Optimize Cross-Region Data Replication with YugabyteDB Read Replicas

Mydbops
Nov 18, 2023
8
Mins to Read
All

In our previous blog, we discussed setting up the 3-node YugabyteDB cluster on the same cloud region, achieving a seamless deployment on Linux. Continuing our journey into mastering YugabyteDB, this time around, we delve into a crucial aspect of database management: building read replicas.

Scaling a database horizontally is imperative for applications dealing with high traffic and complex queries. Asynchronous Read replicas play a pivotal role in this scenario, ensuring both performance and fault tolerance. In this blog post, we will explore the steps of creating read replicas with YugabyteDB, empowering to optimize the database for efficient read-heavy workloads.

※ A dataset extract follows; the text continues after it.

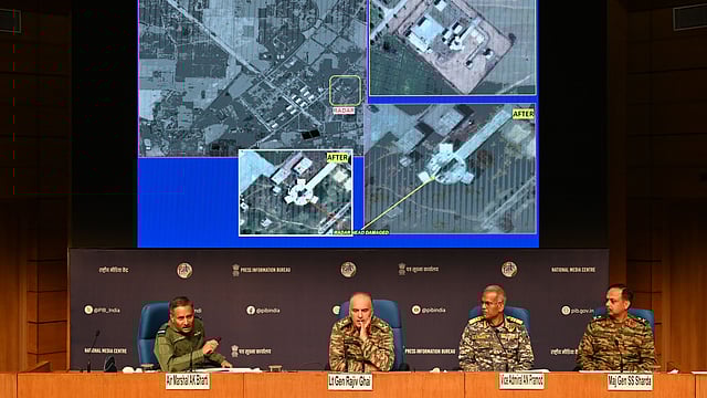 ■ Air Marshal AK Bharti, during a joint press briefing with defence officials on Sunday, showed detailed video of the effects of Indian Air Force operations during its air raids at Arifwala air defence radar in Pakistan, the Chaklala airfield and Sargodha

Understanding the Importance of Read Replicas

Before we dive into the technicalities, let’s take a moment to understand why read replicas are essential in a distributed database system like YugabyteDB. In a nutshell, read replicas serve as duplicates of the primary database that can handle read queries. By distributing read operations across multiple replicas, not only enhances the system’s read throughput but also alleviates the burden on the primary database. This not only improves the overall performance of your application but also enhances its fault tolerance.

Setting up a read replica cluster

A read replica cluster comprises follower nodes linked to a primary cluster. These nodes act solely as observers and do not participate in the RAFT consensus or elections. This unique characteristic allows read replicas to have a distinct replication factor (RF) from the primary cluster, and remarkably, the RF can even be set as an even number.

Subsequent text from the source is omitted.